## Provided records:
_ _ _ _ _
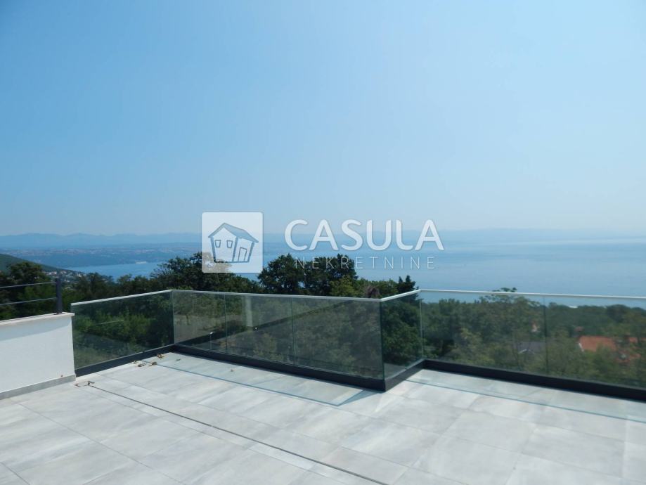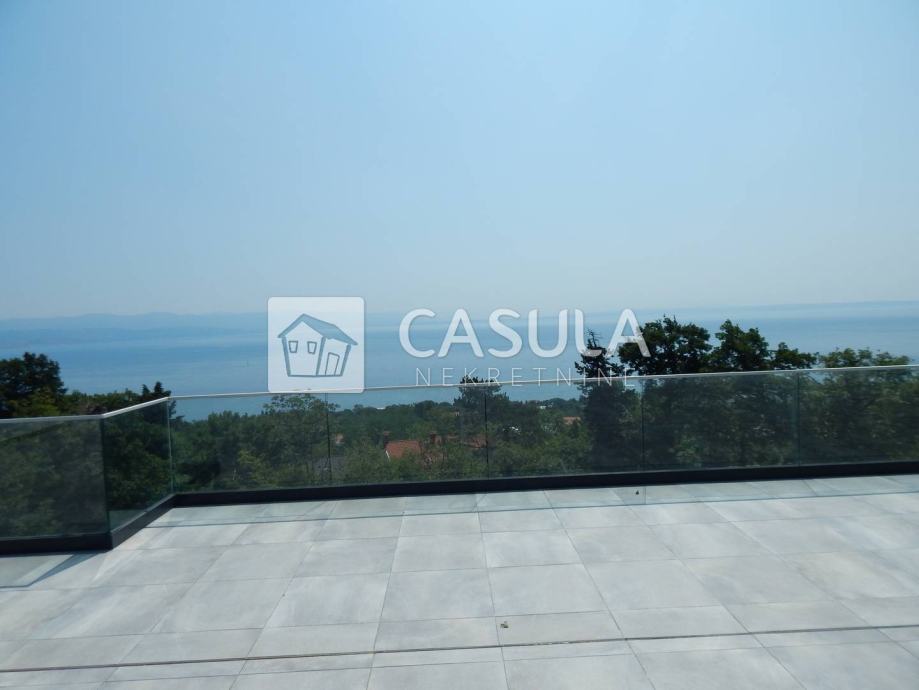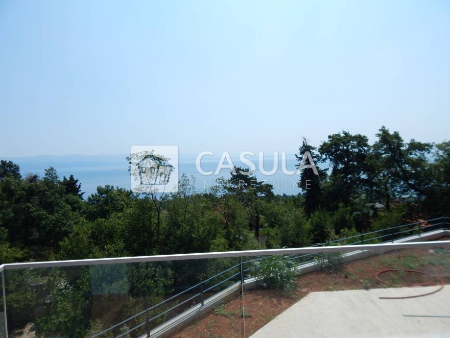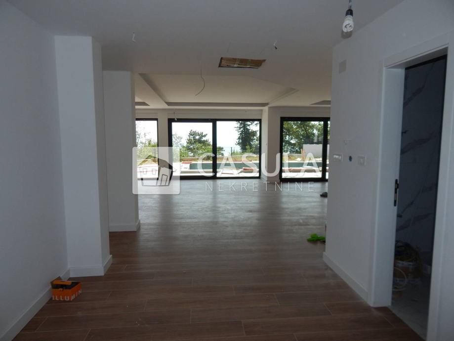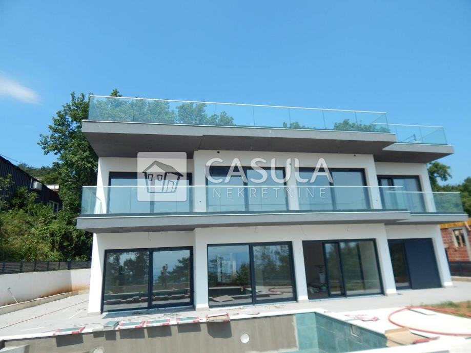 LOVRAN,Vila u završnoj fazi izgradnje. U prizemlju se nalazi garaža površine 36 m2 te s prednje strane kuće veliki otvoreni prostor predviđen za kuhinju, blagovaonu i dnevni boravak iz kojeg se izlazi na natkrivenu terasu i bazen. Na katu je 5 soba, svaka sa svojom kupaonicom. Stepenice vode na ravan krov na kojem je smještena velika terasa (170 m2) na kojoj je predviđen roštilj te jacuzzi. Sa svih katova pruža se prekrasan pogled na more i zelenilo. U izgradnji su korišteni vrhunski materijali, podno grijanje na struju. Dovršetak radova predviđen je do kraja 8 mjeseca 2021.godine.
_ _ _ _ _
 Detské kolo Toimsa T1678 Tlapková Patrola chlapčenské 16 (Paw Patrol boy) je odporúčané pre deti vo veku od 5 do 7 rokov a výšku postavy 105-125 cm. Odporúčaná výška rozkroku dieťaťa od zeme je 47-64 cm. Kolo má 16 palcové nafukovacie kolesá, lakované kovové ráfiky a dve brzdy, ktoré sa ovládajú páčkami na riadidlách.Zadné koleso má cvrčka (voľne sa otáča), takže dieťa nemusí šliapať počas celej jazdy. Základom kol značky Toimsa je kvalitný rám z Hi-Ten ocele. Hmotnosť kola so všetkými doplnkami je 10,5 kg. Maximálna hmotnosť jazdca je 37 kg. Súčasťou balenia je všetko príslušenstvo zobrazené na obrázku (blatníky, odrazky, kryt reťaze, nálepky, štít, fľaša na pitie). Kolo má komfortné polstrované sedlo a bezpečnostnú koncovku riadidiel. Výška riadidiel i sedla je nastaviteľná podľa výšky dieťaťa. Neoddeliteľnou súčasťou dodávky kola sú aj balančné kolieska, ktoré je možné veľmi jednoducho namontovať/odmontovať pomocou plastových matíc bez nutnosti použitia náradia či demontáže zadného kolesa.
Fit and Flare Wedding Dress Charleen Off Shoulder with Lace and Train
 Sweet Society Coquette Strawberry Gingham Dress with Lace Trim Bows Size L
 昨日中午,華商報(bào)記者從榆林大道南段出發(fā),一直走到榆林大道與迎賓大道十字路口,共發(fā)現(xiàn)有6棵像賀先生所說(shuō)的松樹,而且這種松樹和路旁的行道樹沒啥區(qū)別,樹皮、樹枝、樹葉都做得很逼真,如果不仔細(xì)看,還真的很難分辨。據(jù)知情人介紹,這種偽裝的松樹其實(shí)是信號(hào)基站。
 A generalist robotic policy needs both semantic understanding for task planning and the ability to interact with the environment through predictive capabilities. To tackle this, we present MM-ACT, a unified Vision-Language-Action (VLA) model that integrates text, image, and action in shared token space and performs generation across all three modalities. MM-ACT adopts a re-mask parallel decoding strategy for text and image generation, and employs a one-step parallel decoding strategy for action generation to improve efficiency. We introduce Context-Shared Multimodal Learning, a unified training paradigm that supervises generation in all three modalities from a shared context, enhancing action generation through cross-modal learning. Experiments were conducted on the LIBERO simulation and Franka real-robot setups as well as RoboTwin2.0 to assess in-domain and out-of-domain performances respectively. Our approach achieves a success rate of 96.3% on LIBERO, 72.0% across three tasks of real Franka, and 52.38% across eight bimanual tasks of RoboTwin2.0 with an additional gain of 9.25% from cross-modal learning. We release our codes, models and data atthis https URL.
_ _ _ _ _
## Work task:
Using the data above, say how many lines include "Lace". No other reply is needed.

## Response box:
2